Sometimes you mean to go to a reading series that sounds cool, but you put it off, and a year goes by, then two, then three and four, until finally, when you actually go because it’s the week between Christmas and New Years so you’ve got the time and even traffic in L.A. isn’t too bad, you walk into the event and there’s free champagne and mini cupcakes because it’s the reading series’ eighth anniversary.
Which is to say: Hitched has been around the L.A. literary scene long enough to become a standard feature. The quarterly series was started by local poet Xochitl-Julisa Bermejo (pictured above), who back in 2010, was a recent MFA graduate from Antioch University Los Angeles. Since she knew a lot of faculty mentors from her grad program — and also knew their writing mentees — Xochitl got the idea to start a reading series that featured literary pairings: mentors and mentees, teachers and students, collaborators and collectives, and other writerly partners. “It’s a celebration of those relationships,” she said.
The series started out at Beyond Baroque in Venice but has since roamed around different locations across the city. The final event of 2019 was held in Other Books, a brightly-lit and eclectically curated book, comics, and record store in Boyle Heights. A couple dozen people filtered in bundled up in coats and rubbing their hands — it was a blustery night in the mid-fifties — mostly ignoring the treats, perhaps already maxed out on holiday indulgences.
I wasn’t. I had two mini cupcakes: one chocolate, one vanilla. Then Xochitl took the mic and introduced the first pair, Rocío Carlos and Rachel McLeod Kaminer, who’d collaborated on a just-published book of poems called Attendance (The Operating System).
Rachel read first (sample line: “A year like this passes so strangely somewhere between sorrow and bliss”), then Rocío took the stage. Her lavender hair matched the lavender book, and the poems she read were sprinkled with lavender (sample line: “Make me lavender, you said to her).
Every writer’s work this night incorporated Spanish words and phrases, which most of the audience seemed to understand, judging by the small murmurs of assent. I did not, though for the most part I could follow along (though does anyone else have the issue of zoning out during poetry readings, regardless of language?). The beginning of Xochitl’s website bio reads, “Xochitl-Julisa Bermejo is a first generation Chicana,” and Hitched reflects Xochitl’s effort to seek out similarly marginalized voices.
Poet Sara Borjas got up next. “I’m gonna read what I’m calling an essay, but it looks like this,” she said, and thrust out a sheet of paper toward the audience. It had fragments of writing segregated into individual small boxes on the page. She started reading; the essay was loosely about her mother’s gastric bypass surgery (sample line: “Her body anchored her to our house.”) but touched heavily on themes of Chicana identity and authenticity. I learned one Spanish word — pocha, a pejorative term used to describe Chicanas deemed too Americanized — that Sara used as a refrain throughout the piece.

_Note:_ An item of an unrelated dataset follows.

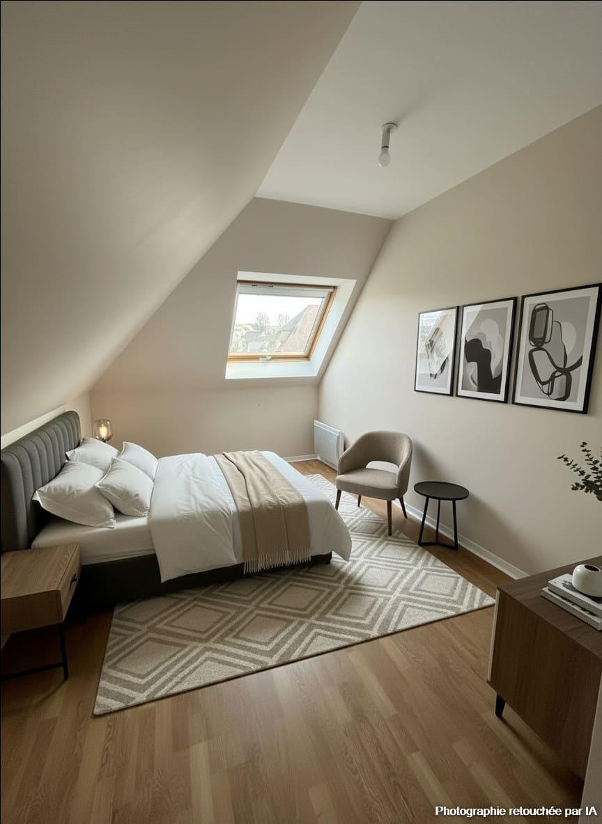 À l’étage, l’espace nuit propose 3 chambres, au calme, et une salle de bains, permettant une séparation confortable entre les espaces jour et nuit.

Sara’s pair, poet Ruben Quesada, had gone to Chicago for Christmas and ended up staying longer than planned, so the last reader was a last-minute addition: Sonia Guiñansaca, a queer, migrant poet in town from Harlem for the holidays. Xochitl read an exuberant bio (“One of the 13 coolest queers on the internet according to Teen Vogue!”) then Sonia went up to applause.
“This is a poem for all the migrant folks in the room,” she said, then performed a long, expressive poem from memory (sample line: “I call it old school. Some call it poverty.”).
Afterwards Xochitl begged the audience to eat, drink, mingle, and buy books. Rachel and Rocío stood around the front, holding their twin books and smiling. “What was the collaborative process?” I went up and asked, and Rocío said it had happened after the two of them finished their MFAs at Otis College of Art and Design. They decided to check in with other once a week about their writing, and out of that, a book was born.
I commented on the lavenderness of Rocío hair, book, and poems. “Did you plan it?” I asked. “No,” she said, laughing. Then she touched her hair. “I don’t even know how it looks right now!”
She spotted a mirror in the corner, walked over to to it, and gently patted loose strands into place.